Tiny brain grown, models embryonic development

The tiny ‘brains’ mimic early brain development in a human embryo.

August 29, 2013 12:00 am | Updated 12:19 am IST

A magnified image of a cerebral organoid showing cerebral tissue adjacent to developing retinal tissue (brown pigmented region). -- Photo: Madeline A. Lancaster

A magnified image of a cerebral organoid showing cerebral tissue adjacent to developing retinal tissue (brown pigmented region). -- Photo: Madeline A. Lancaster

It is nowhere near a ‘brain in a dish’ of science fiction lore. However, scientists have successfully cultured stem cells to produce a pea-sized blob that mimics early brain development in a human embryo.

In a paper that has just been published online by Nature , Juergen Knoblich of the Institute of Molecular Biotechnology of the Austrian Academy of Science in Vienna and his colleagues reported growing tiny “cerebral organoids” in the laboratory that had many key features of the brain in a nine-week-old human embryo.

Their culture system was able to produce such miniature brains using human embryonic stem cells as well as mature cells that had been reprogrammed.

“Our system is very useful for us as developmental biologists because it allows us to study the human-specific features of brain development,” explained Dr. Knoblich during a press briefing. “We can analyse the function of individual genes in a human setting and that gives us much more information about what these genes may be doing.”

The cells of the cultured version grew around a fluid-filled cavity that was reminiscent of the ventricles in the human brain. The tiny organoids developed two of the six layers found in a brain’s outer portion, the cerebral cortex, along with cells typically associated with those layers. It also had some of the major regions that an embryonic human brain possesses and which later become more complex.

The organoids had a type of neural stem cell that are found abundantly in the human embryonic brain but are hardly seen in lower mammals like rodents, Madeline Lancaster, a postdoctoral researcher in Dr. Knoblich's laboratory and the paper’s first author, told journalists.

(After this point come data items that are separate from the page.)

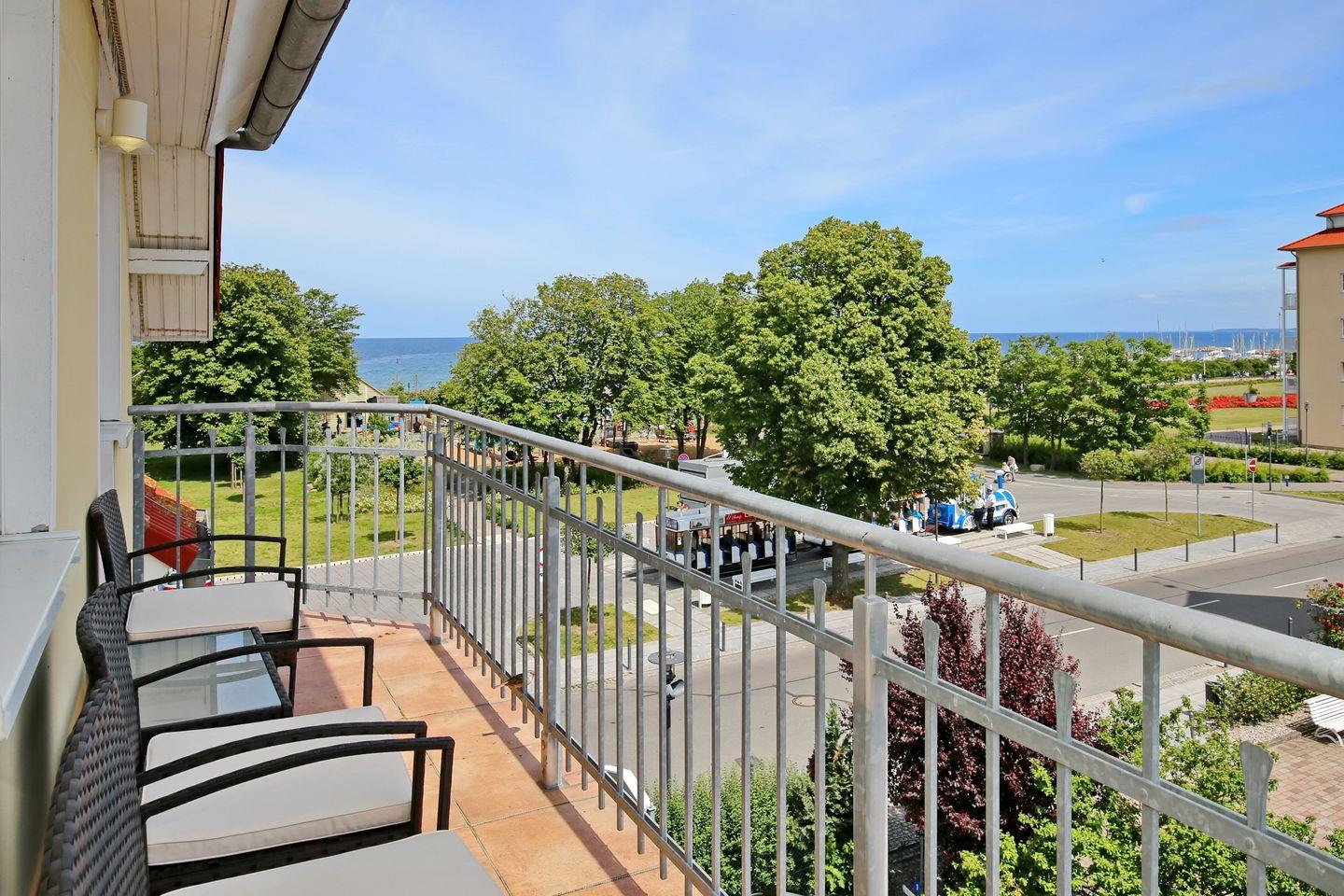 Die Ferienwohnung 320 in der Villa Hanse ist eine 4-Zimmer-Wohnung mit einer Größe von etwa 95 m². Zu der Wohnung gehören zwei Balkone.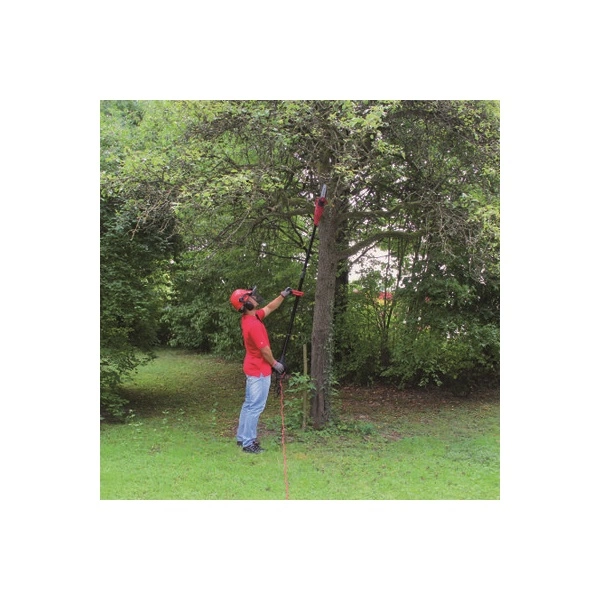 A GC-EC 750 T Kit elektromos magassági ágvágó egy nagy teljesítményű készülék, amellyel még a magasabban lévő ágakat is egyszerűen és gyorsan levághatja - mindezt ráadásul úgy, hogy még létrára sem kell állnia. A minőségi OREGON vágókardnak és láncnak köszönhetően a vágáskép mindig szép, a vágási teljesítmény pedig egyenletes lesz. A kényelmes munkavégzést a szerszám nélküli láncfeszítés, az állítható pótfogantyú, és az állítható heveder biztosítják.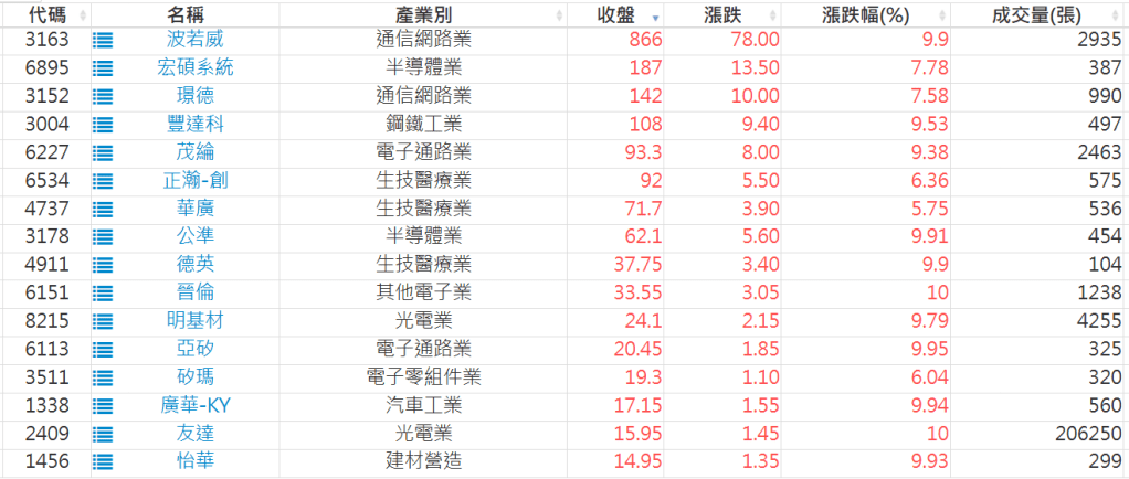 2026-0401日新高爆量上漲股 2026-04-01 股狗網小編 選股條件 發表留言 利用股狗選股的選股條件可以【挑選突破20日新高,爆量上漲起漲點股票】 1.股狗選股 https://www.stockdog.com.tw 2.選股條件: a.收盤價創20日新高 b.當日漲幅 > 2% C.成交量大於5日均量2倍 免責宣言 本網站文章所提供資訊僅供參考,並無任何推介買賣之意,投資人應自行承擔交易風險。 分享此文: 分享到 X(在新視窗中開啟) X 分享到 Facebook(在新視窗中開啟) Facebook 喜歡 正在載入...

However, the cultured organoids have limitations. They do not yet display all the brain regions organised in the fashion that would be found in a developing embryo. Moreover, without blood vessels taking oxygen and nutrients to cells deep inside, the organoids do not grow and develop beyond about four millimetres in size.

The scientists were able to use their culture system to model a disease that affected early brain development. Microcephaly is a devastating genetic disorder that leads to greatly reduced brain size and associated mental disabilities in afflicted individuals.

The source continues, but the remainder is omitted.